With markets fluctuating like never before, retail investors are faced with a serious challenge of choosing a safe and stable return yielding scheme to plant-in their hard-earned money. Thus, an investor is tasked with carefully identifying a viable option from the existing low-risk investment plans in India to counter the inevitable risks that exist in the investment domain. However, when it comes to safety and stability, there is an option that stands out from the rest.
Backed by the government, RBI bonds offer both stability and safety to investors. Also known as Savings bonds, these are primarily aimed at retail investors who are in search of a secure investment option with fixed returns. In this article, we will touch up on the various types of RBI bonds, their features and everything you need to know before investing in one.
Types of RBI bonds:
RBI bonds are broadly classified into 5 types:
Capital Gain Bonds: If you're an investor who has earned long term capital gains from the sale of assets such as real estate or stocks, this bond is for you.
The 7.75% Bond: The 7.75% Savings Bonds are a type of fixed-income instrument issued by the Government of India that offers a fixed interest rate of 7.75% per annum, hence the name.
RBI Infrastructure Bonds: These bonds are issued with the specific purpose of financing infrastructure projects in India.
RBI Retail Direct Bonds: RBI Retail Direct is a platform that allows retail investors to directly invest in government securities, including bonds, treasury bills, and other government debt instruments.
Sovereign Gold Bonds: These are government securities that act as a substitute for holding physical gold.

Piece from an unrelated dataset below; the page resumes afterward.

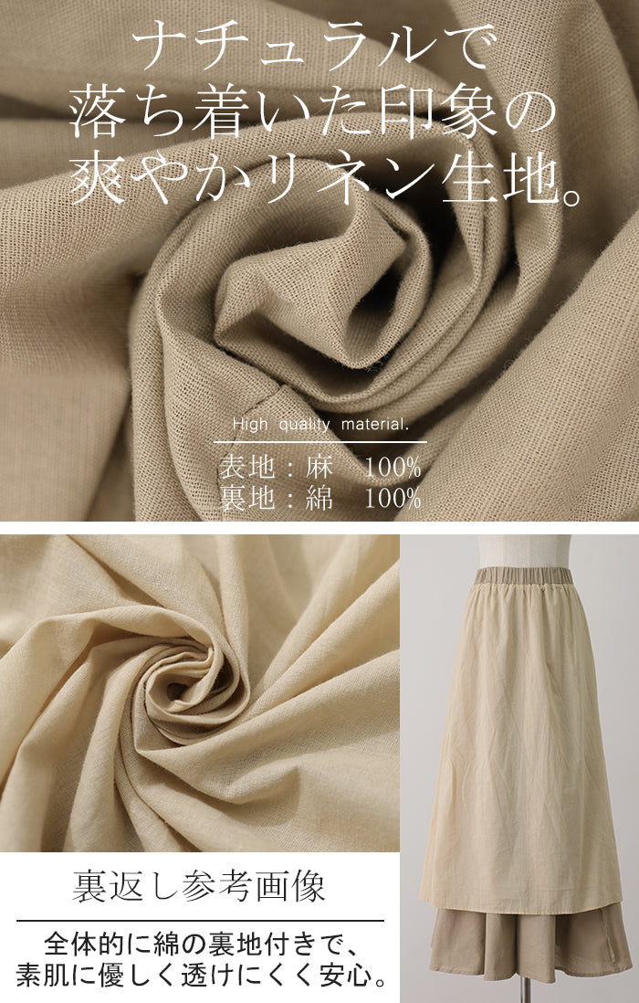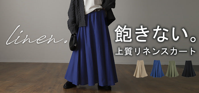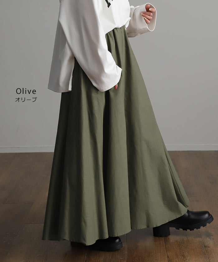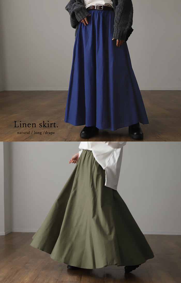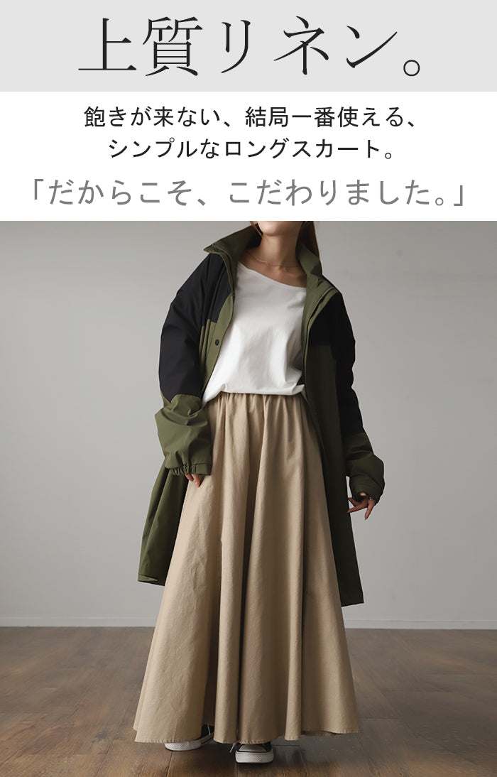 リネンのさらりとした風合いとナチュラルな表情を活かしたシンプルなスカートです。大胆に広がるシルエットがカジュアルな中にも上品な女性らしさを感じさせる1枚。ふわっと広がるフレアが涼しく快適で1枚でコーデが決まる主役級スカート。

RBI Floating Rate Savings Bonds: These bonds come with a floating interest rate linked to the NSC rate that resets every six months.
Why should you choose an RBI bond?
Apart from being a safe financial instrument, an RBI bond investment holds several other ‘cherries’ on the top that make it more attractive. Here are some key aspects that make it a better investment option:
Safe and sound: RBI bonds are issued and guaranteed by the Reserve Bank of India, making them a safe investment option for investors.
Interesting interests: These bonds offer a fixed interest rate over the tenure of the bond, aiding in a stable and predictable return for your valuable investments.
Flexible tenures: RBI bonds come with different tenure options, ranging from a few years to longer durations.
Unaffected by markets: While RBI bonds generally come with a fixed tenure, they may also hold the feature of premature withdrawal under certain circumstances.
Liquidity: RBI bonds are not subject to market fluctuations as they are issued and backed by the central bank.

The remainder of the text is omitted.